THE PROBLEM
Reproduce exactly the line containing "women three quarter" and each line after it until the listing ends, leaving pictures out.

PROVIDED DATA Start Marker

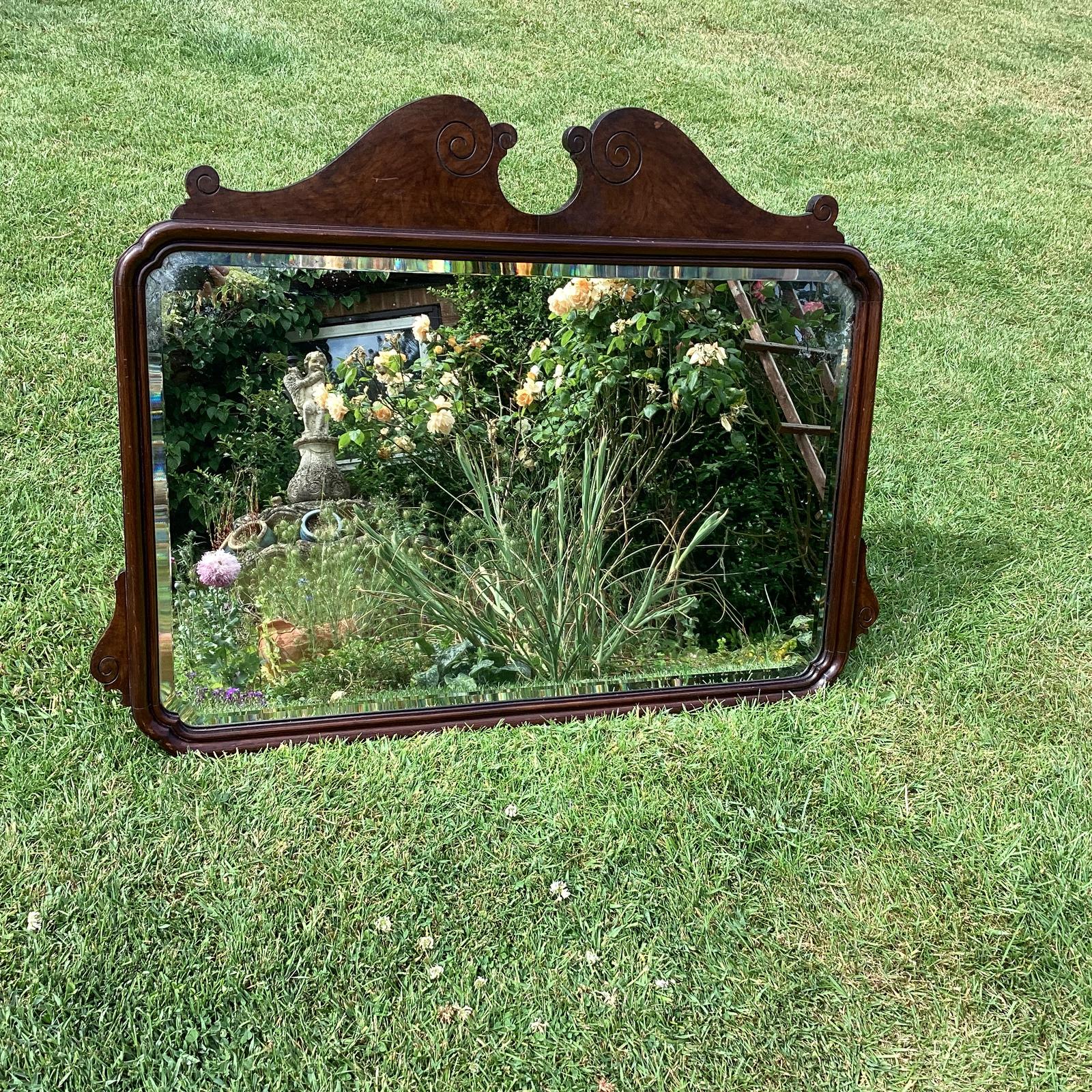Victorian Walnut Wall Mirror Original Bevel Glass
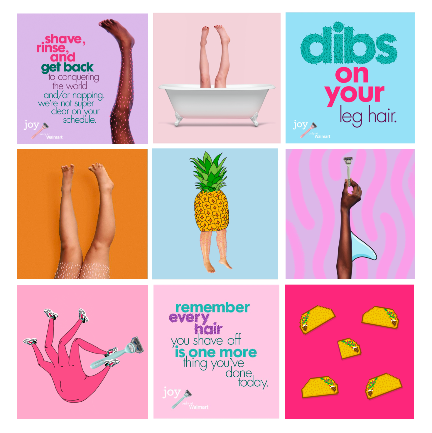 The iconic razor brand, Gillette came to W+K to launch Joy, a new sub-brand of razors and shave products. Our team introduced the brand through film and social content, while also working with Walmart on site reskins and packaging approvals. As the illustrator on the team, I created a playful set of illustrations (complete with matching leg hair) used across social, web, and packaging.
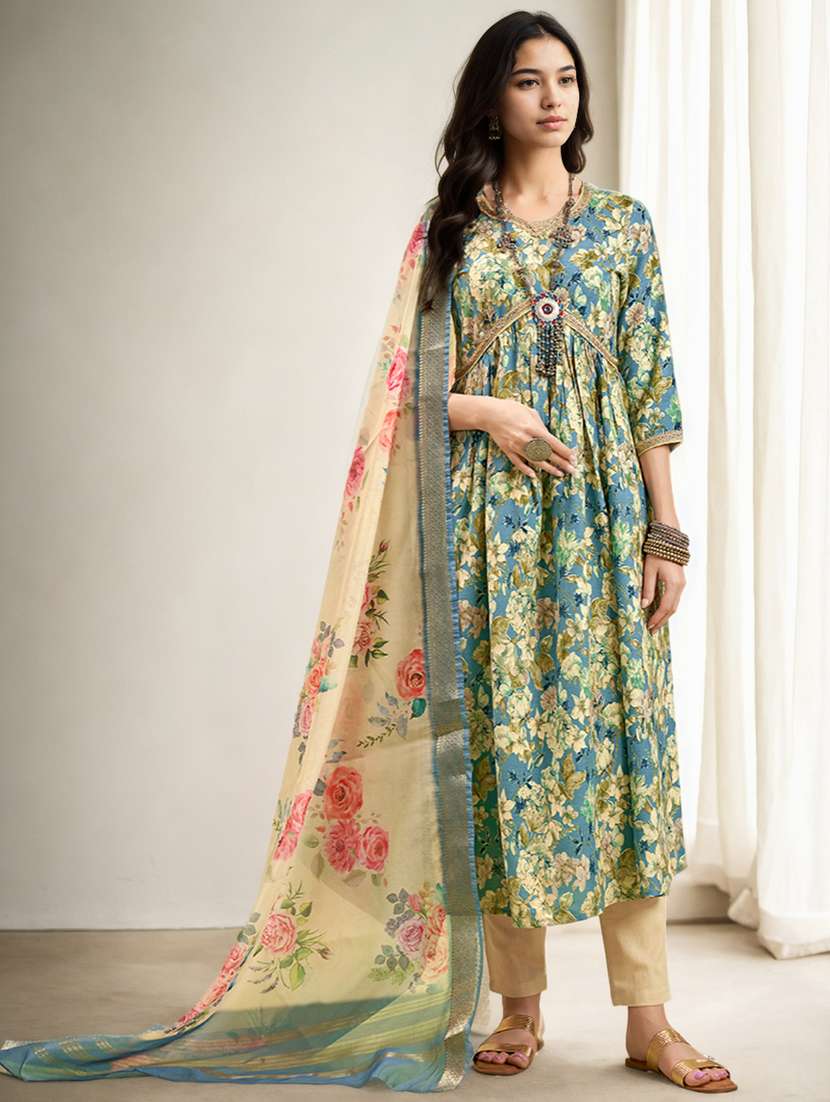 women three quarter sleeve kurta pant with dupatta set
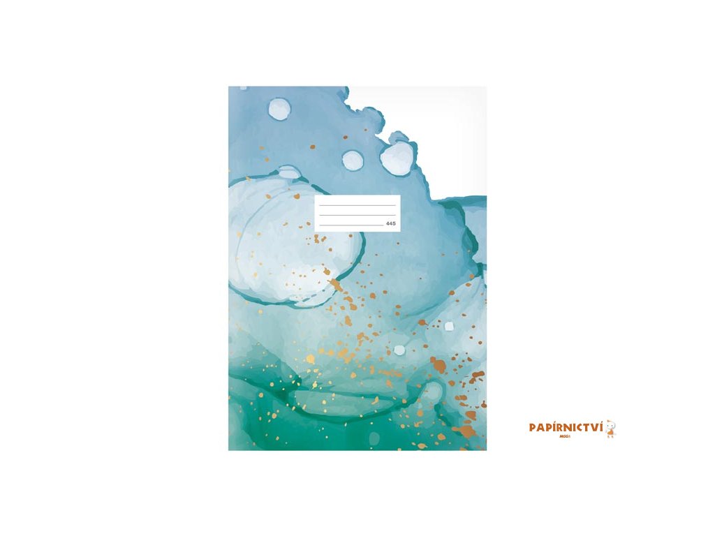 Školní sešit ve formátu A4, čtverečkovaný, v modro-zelené barvě s abstraktním motivem, v originálních deskách s matným laminem a lokálním UV lakem.Typ: 445

PROVIDED DATA End Marker

SOLUTION BELOW
 women three quarter sleeve kurta pant with dupatta set
 Školní sešit ve formátu A4, čtverečkovaný, v modro-zelené barvě s abstraktním motivem, v originálních deskách s matným laminem a lokálním UV lakem.Typ: 445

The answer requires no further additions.